C’est le groupe parlementaire du leader druze Walid Joumblatt qui fera pencher la balance en faveur ou non de Saad Hariri, dont il était l’un des plus proches alliés avant de s’en démarquer.

La crise inquiète la communauté internationale qui craint une résurgence des violences, notamment après le dépôt lundi de l’acte de l’accusation par le TSL, au contenu encore confidentiel.

Jeudi, Hillary Clinton, la chef de la diplomatie américaine, a affirmé qu’il revenait aux Libanais eux-mêmes de résoudre leur crise politique, bien que Washington soit prêt à leur apporter une aide.

L’émir du Qatar cheikh Hamad ben Khalifa al-Thani s’est rendu jeudi à Damas où il a souligné avec le président syrien Bachar al-Assad, « l’importance de la stabilité et de la sécurité au Liban ».

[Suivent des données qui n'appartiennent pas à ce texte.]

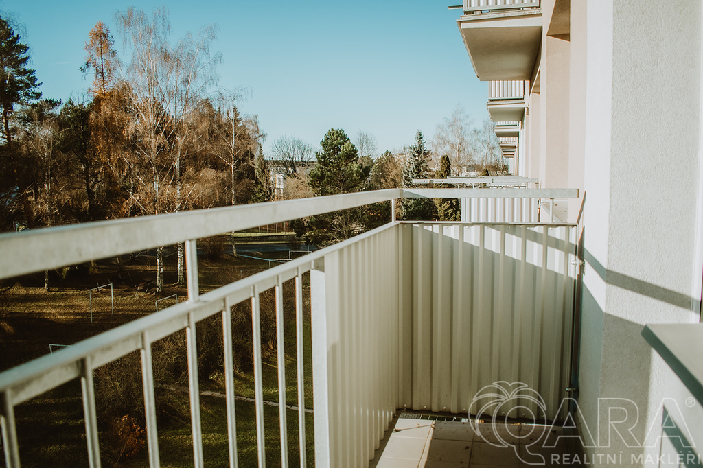 Dispozice bytu zahrnuje průchozí kuchyni, ložnici, a koupelnu se sprchovým koutem, chodbu a wc. K bytu náleží balkon o ploše 3 m². Objekt disponuje výtahem a nabízí pohodlný přístup do vyšších podlaží.

Mardi, des rassemblements de jeunes vêtus de noir et non armés, vraisemblablement des partisans du Hezbollah, ont provoqué la panique à Beyrouth, incitant des écoles à fermer et l’armée à renforcer sa présence.

Le Hezbollah accuse le tribunal d’être impliqué dans un complot « israélo-américain » visant à le détruire, et a prévenu qu’il se « défendra » contre toute charge.
« Nous n’allons pas recourir à la rue », a assuré quant à lui M. Hariri.

En mai 2008, après une crise politique de près de deux ans, le Hezbollah avait, lors de combats avec des partisans de Saad Hariri, pris pendant quelques jours le contrôle du secteur ouest de Beyrouth, à majorité musulmane.
Ces affrontements avaient failli plonger le pays dans une nouvelle guerre civile après celle de 1975-1990.